Missionary and Apostolic Dimension of Religious Celibacy


As Jesus assumed celibate chastity for the sake of the Kingdom (Mt 19: 12), so must His followers who are gifted with this particular charism. Like any other vows, consecrated chastity has also a missionary dimension.  “For the sake of the Kingdom, Jesus created a community around Him. For the sake of the Kingdom he and His community put themselves at the service of all people, especially that of the neediest. The celibacy for which Jesus opted qualified His style of mission.”[1]

The mission of Jesus was not carried out alone by Himself but in communion with all the members of His mystical body. We are His extended body consecrated for the sake of God’s Kingdom. We adapt His lifestyle and missionary spirit. Like Jesus, religious vowed to Consecrated Celibacy must also bear the marks which Jesus bore in His very flesh; these are the marks of His commitment to love. Love was the sole reason of His birth and the sole reason of His death. Love is a very powerful force that brings everybody into one single family of God. It is love that enables us to become courageous people of our time who announce and proclaim to all humankind the goodness and the Parenthood of God and who denounce the “excessive and discriminatory society and the affective marginalization to millions of human persons are submitted.”[2] Following the chaste and celibate Jesus is a “form of availability to work, in the midst of risks, for justice, love, peace and fraternity: for the great values of the Kingdom. It is a sign and source of deeply committed and universal fraternity.”[3]

Just as life of poverty brought Jesus closer to the poorest of the poor, so celibacy brought Him closer to the lonely of this world. Thus, through the Person of Jesus, one of the unhappy situations of humankind, aloneness could be incorporated into the Kingdom of His Abba. Through His celibacy, Jesus proclaimed that every man and woman, without excluding absolutely anyone, and especially those who were most alone on earth, were called to form the unique family of the children of God.[4] Virginal love for the Kingdom (Lk 1: 38) must inspire religious towards actions and initiatives of a striking generosity on behalf of the lonely and the abandoned. It is manifested in the missionary and diaconal caring of men and women who are not afraid of losing their life for others, who are not overly concerned with preserving it. It is a love, a life totally offered as a holocaust to God for life.[5]

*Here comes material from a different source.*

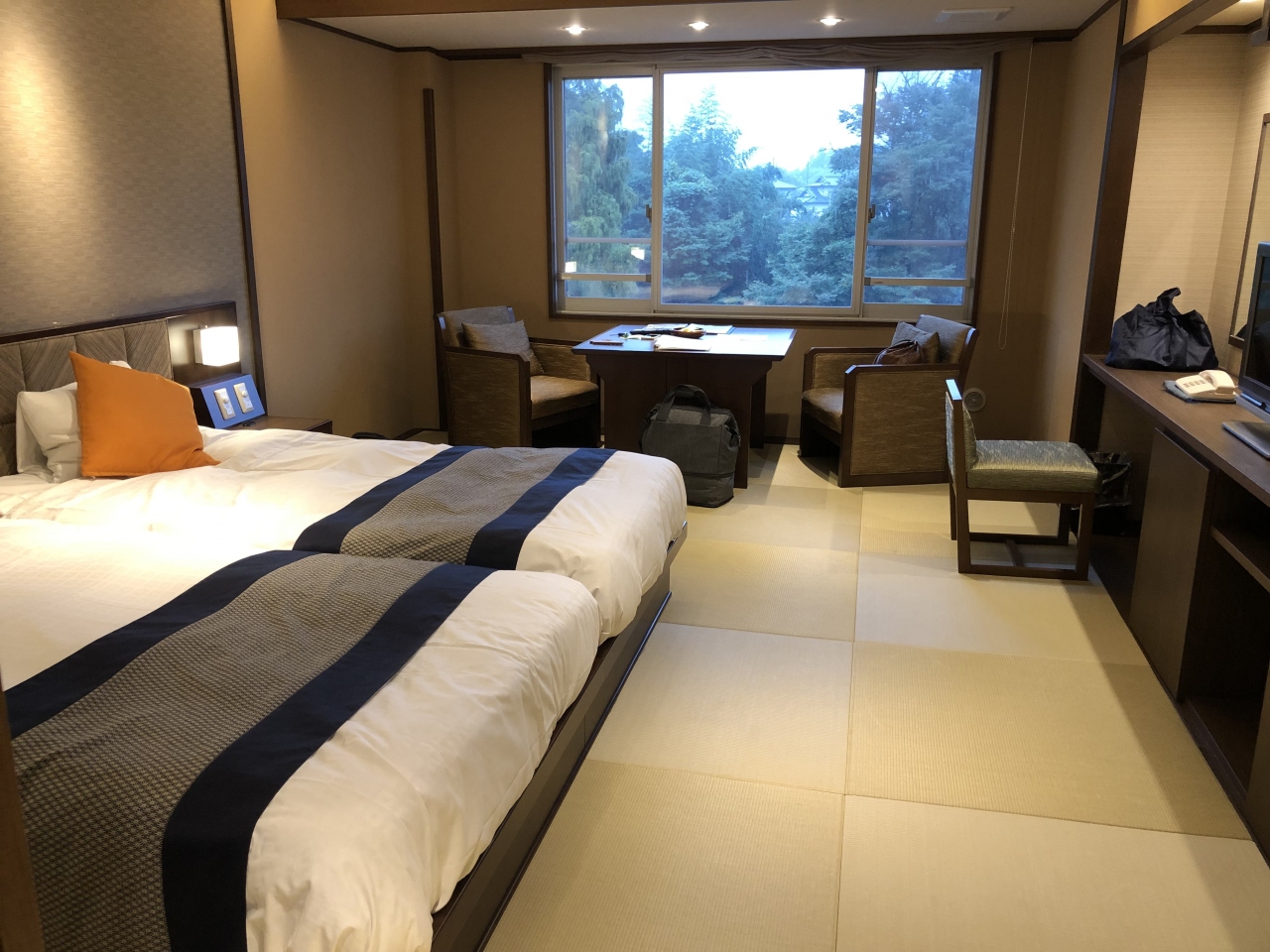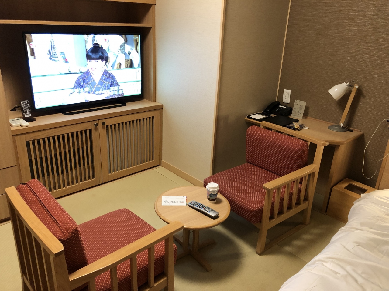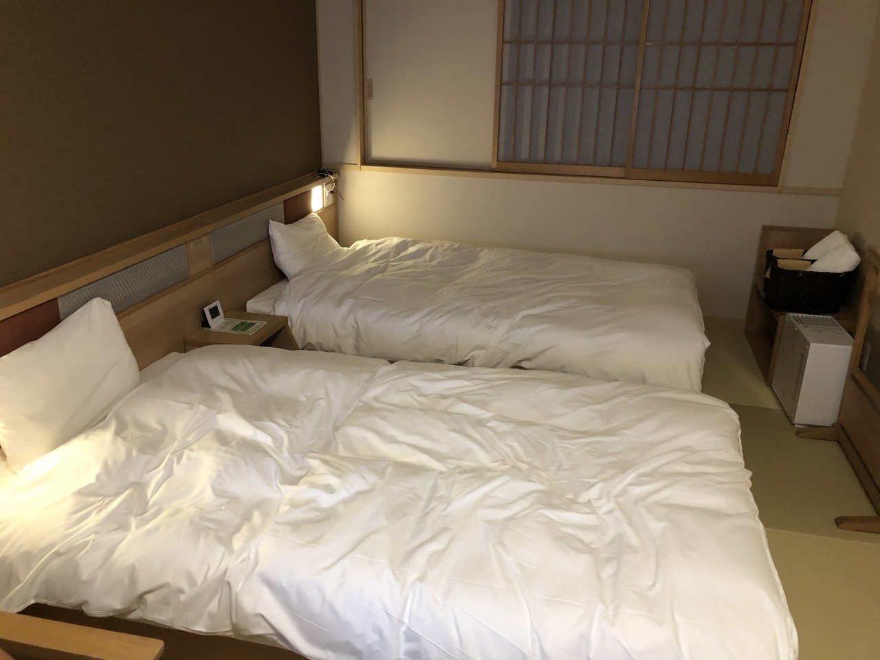 温泉大浴場付きのホテルでゆっくりとくつろげる宿です。館内は清潔感があり、畳敷きで素足でも暖かく歩けます。部屋は洋風ツインですが畳敷きなのでゆったりできます。朝食はバイキングで種類が豊富でとてもお得です。大浴場は広くて露天風呂もありとても良かったです。

Consecrated Celibacy is a call, a gift and charism, and a task. It is a call initiated by God the Father to follow His Son Jesus Christ, who is chaste, through the power of the Holy Spirit. “Through it the Spirit conforms us to the virginity/chastity of Jesus Christ; it brings us to ‘re-present in the Church’ the virginal/chaste lifestyle of Christ Jesus”.[6] As a charism, “it is a grace/gift given to an individual for the sake of the community. Of its nature, it is a call to service of others in some way”.[7] It is also a gift to be valued since it is not given to all but only to whomever God wills and however, He wills. As a task, it needs the collaboration of the one called. It is an unfinished project, which needs a human cooperation. “It is a gift in germinal stage that does not unfold without the collaboration of freedom. The Spirit, who grants the gift of chastity/virginity without human initiative, does not bring to its fullness without free human collaboration”.[8]

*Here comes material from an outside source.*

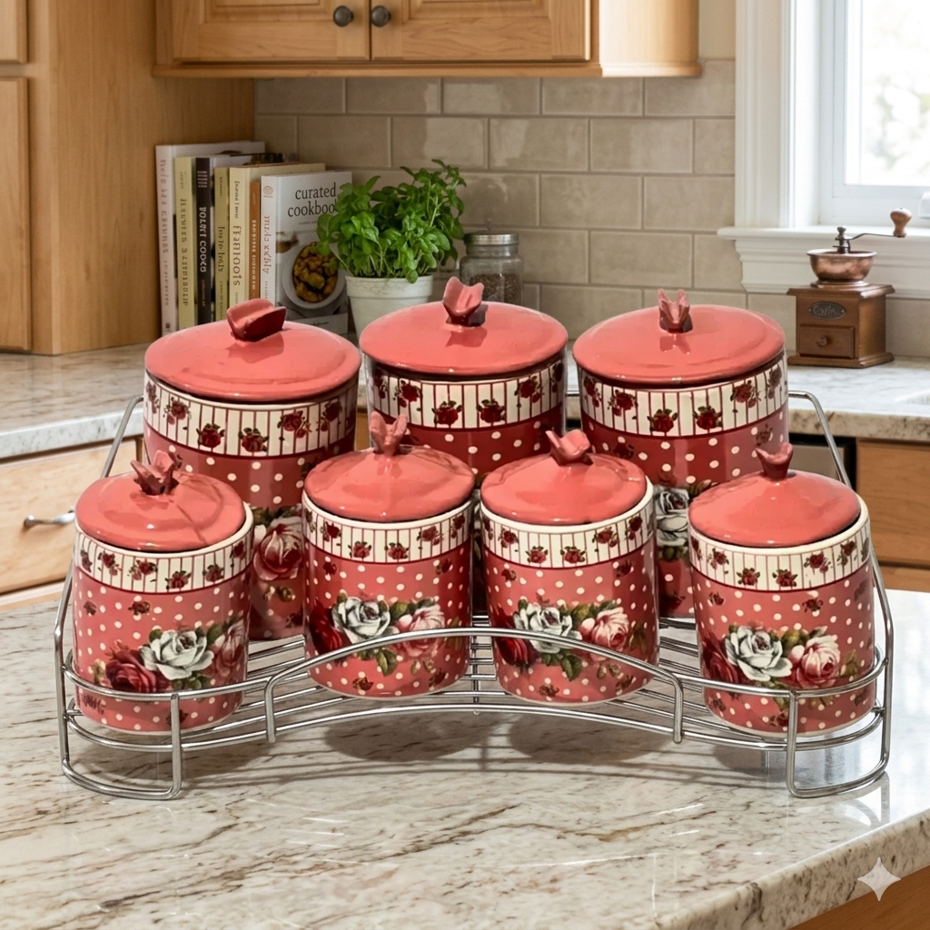 طقم توابل دوار وردة بتصميم أنيق وفاخر، يضيف لمسة جمالية للمطبخ.يتكون من مجموعة من العلب لتخزين التوابل وتنظيمها بشكل مريح.يتميز بسهولة الاستخدام والدوران لتوفير الوصول السريع للتوابل.مثالي للمطابخ الحديثة والمطابخ الصغيرة. يمنحك تنظيمًا مريحًا وجمالًا في نفس الوقت.

[1] Jose Cristo Rey Garcia Peredes, Celibacy-Virginity for the Kingdom of God, ibid., p. 19.
[2] Ibid., p. 20.
[3] Ibid., p. 20-21.
[4] Ibid., p. 19-20.
[5] Jose Cristo Rey Garcia Peredes, Celibacy -Virginity for the Kingdom of God, ibid., p. 20-23.
[6] Jose Cristo Rey Garcia Paredes, Celibacy – Virginity for the Kingdom of God, (Philippines: ICLA Publications and Claretian Publications, 1995), p. 12.
[7] E. Blais, ET. Al., Consecrated Celibacy, (Canada: Canadian Religious Conference, 1971), p. 50.
[8] Jose Cristo Rey Garcia Paredes, Celibacy-Virginity for the Kingdom of God, ibid., p.12.